Pentagon press secretary John Kirby confirmed Friday that “thousands” of Islamic State prisoners were freed after the United States handed over bases to the Afghan government.
The freeing of thousands of Islamic State prisoners is under scrutiny after an Islamic State suicide attacker killed 13 American service members and a number of Afghan and other nations’ civilians at a gate at the Hamid Karzai International Airport on Thursday.
“I don’t know the exact number — clearly it’s in the thousands when you consider both prisons, because both of them were taken over by the Taliban and emptied,” Kirby said, speaking of prisons on Bagram Air Base and Kandahar Air Field that held ISIS prisoners.

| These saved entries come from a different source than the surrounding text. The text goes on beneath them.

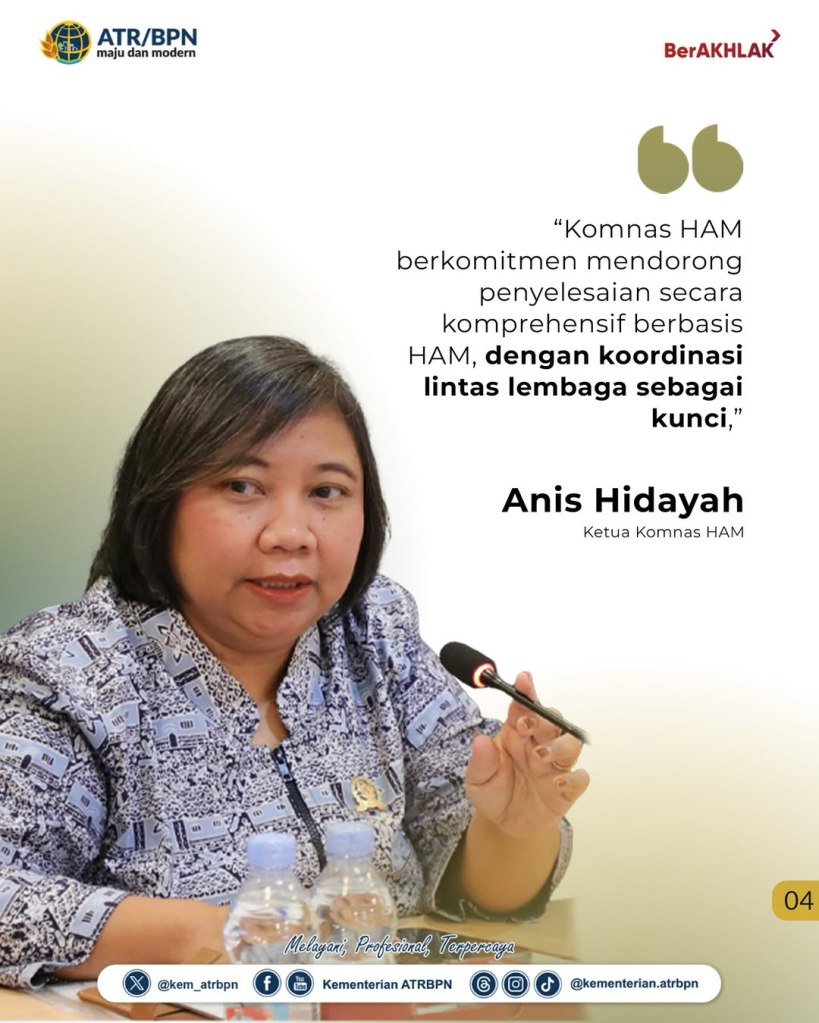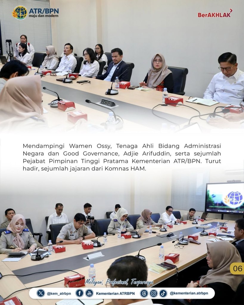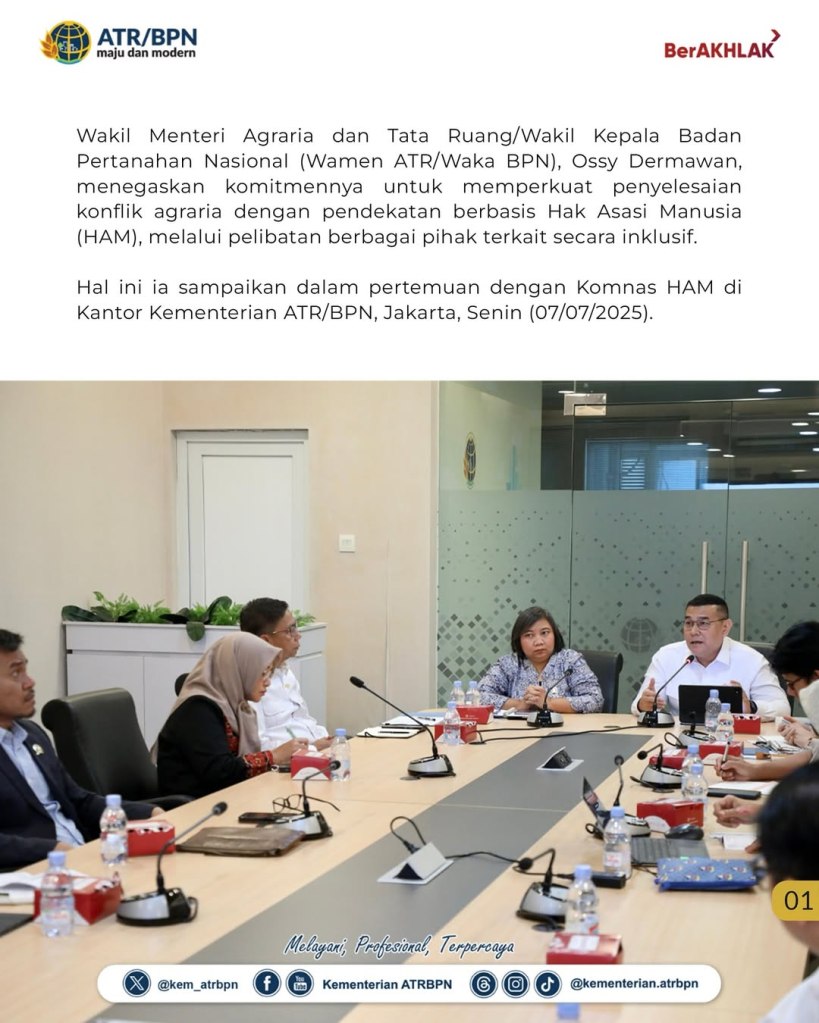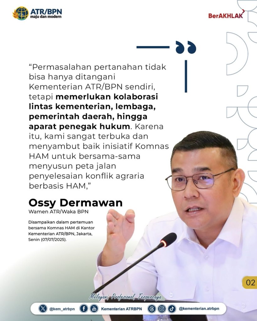 Wakil Menteri Agraria dan Tata Ruang/Wakil Kepala Badan Pertanahan Nasional (Wamen ATR/Waka BPN), Ossy Dermawan, menegaskan komitmennya untuk memperkuat penyelesaian konflik agraria dengan pendekatan berbasis Hak Asasi Manusia (HAM), melalui pelibatan berbagai pihak terkait secara inklusif. Hal ini ia sampaikan dalam pertemuan bersama jajaran Komisi Nasional (Komnas) HAM di Kantor Kementerian ATR/BPN, Jakarta, Senin (07/07/2025).
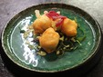 Una preparazione che gioca sul contrasto tra consistenze e sapori. Il baccalà, croccante all’esterno e morbido all’interno, incontra l’agrodolce mediterraneo in un equilibrio elegante e misurato, capace di valorizzare la struttura del pesce.
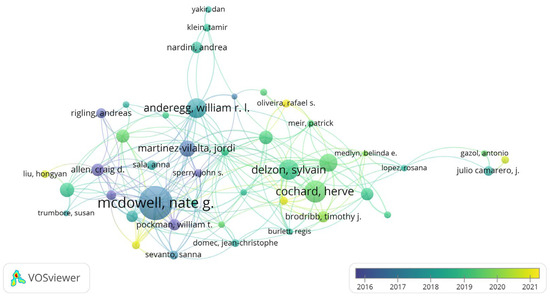 In the visualization, the link thickness and the distance between nodes represent the level of cooperation among authors. By establishing a threshold at 10 for the minimum number of papers an author must publish within the field, out of 5386 authors, 45 were found to be eligible. The majority of the authors maintain regular communication with one another, with the exception of a single author who does not engage in collaborative efforts. The network of collaborations among these authors is notably centralized. Mcdowell NG has the highest number of collaborative relationships among the authors, succeeded by Choat B and Cochard H. There has been a noticeable decline over time in the number of authors participating in cooperative relationships. The majority of these author collaborations are concentrated in the period between 2017 and 2020.
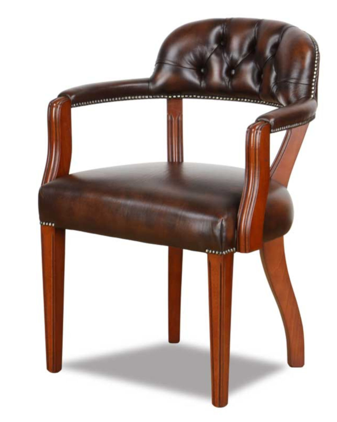 Bringen Sie mit unserem englischen Chesterfield Bürostuhl britische Eleganz in Ihr Büro. Die klassische Knopfpolsterung auf Rücken und Sitz sowie die feinen Holzverzierungen verleihen diesem Stuhl ein edles Erscheinungsbild. Das Gestell aus 100% massivem Buchenholz sorgt dank der stabilen Füße für Stabilität und langanhaltende Qualität. Die Auswahl an hochwertigen Ledern passt den Stuhl individuell an Ihr Büroambiente an. Ein luxuriöser Stuhl in echter Manufakturqualität, der Stil, Komfort und Tradition perfekt vereint. Hier gefertigt im Leder Brown.
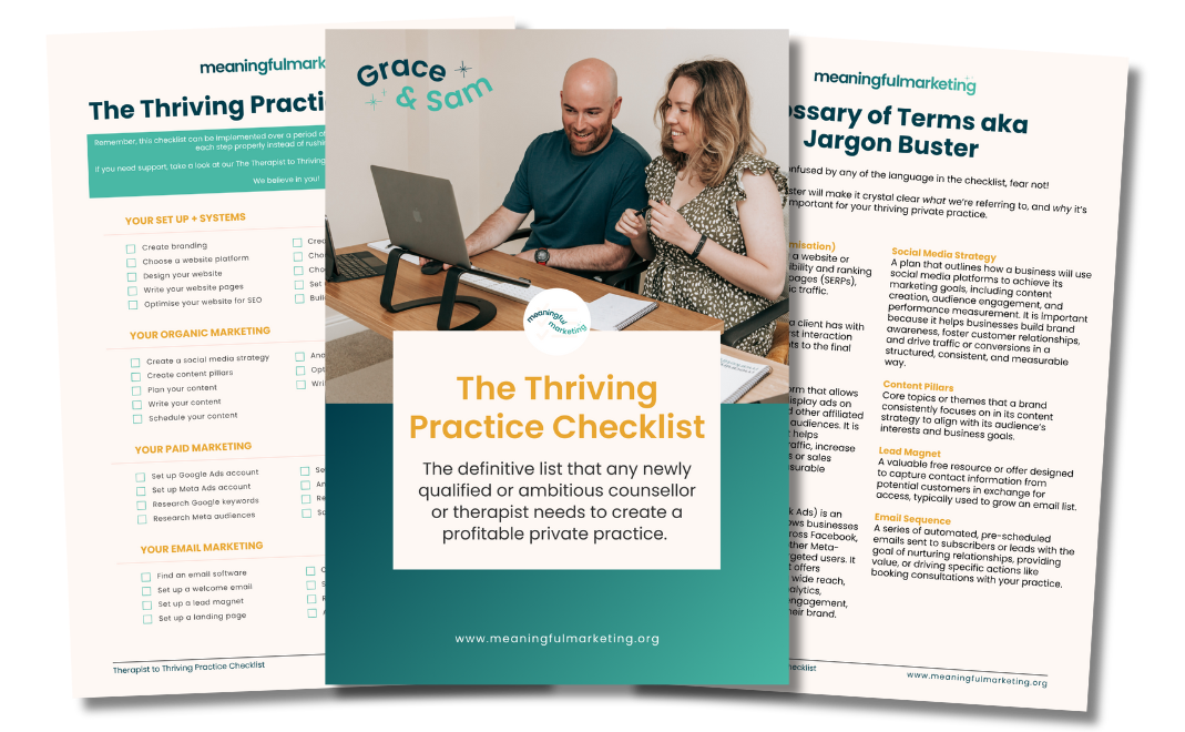 Download the definitive checklist that any newly qualified or ambitious counsellor or therapist needs to create a profitable private practice.

He said the U.S. did not transfer the prisoners over to Guantanamo because the plan was to turn the prisons over to the Afghan National Security Forces:
That was part of the retrograde process, was to turn over these responsibilities. They did have responsibility for those prisons and the bases at which those prisons were located and as the Taliban advanced, we didn’t see the level of resistance by the Afghans to hold some territory or some bases and unfortunately, those were the bases the Afghans didn’t hold.
“Those responsibilities were turned over in accordance with the retrograde plan back in April,” he said.
April was when President Joe Biden ordered all U.S. troops to withdraw from Afghanistan by August 31. As the military continued its withdrawal, the Taliban began its offensive and succeeded in taking over the country in just 11 days by August 14.
After the rapid takeover by the Taliban, Biden ordered 6,000 U.S. troops to Afghanistan and the region to evacuate American citizens, Afghans, and others out.
The 13 service members killed Wednesday were part of that evacuation mission.
Military officials say they are not sure if the Taliban — who the U.S. has been relying on to man checkpoints to the airport — allowed the ISIS bomber and additional attackers through.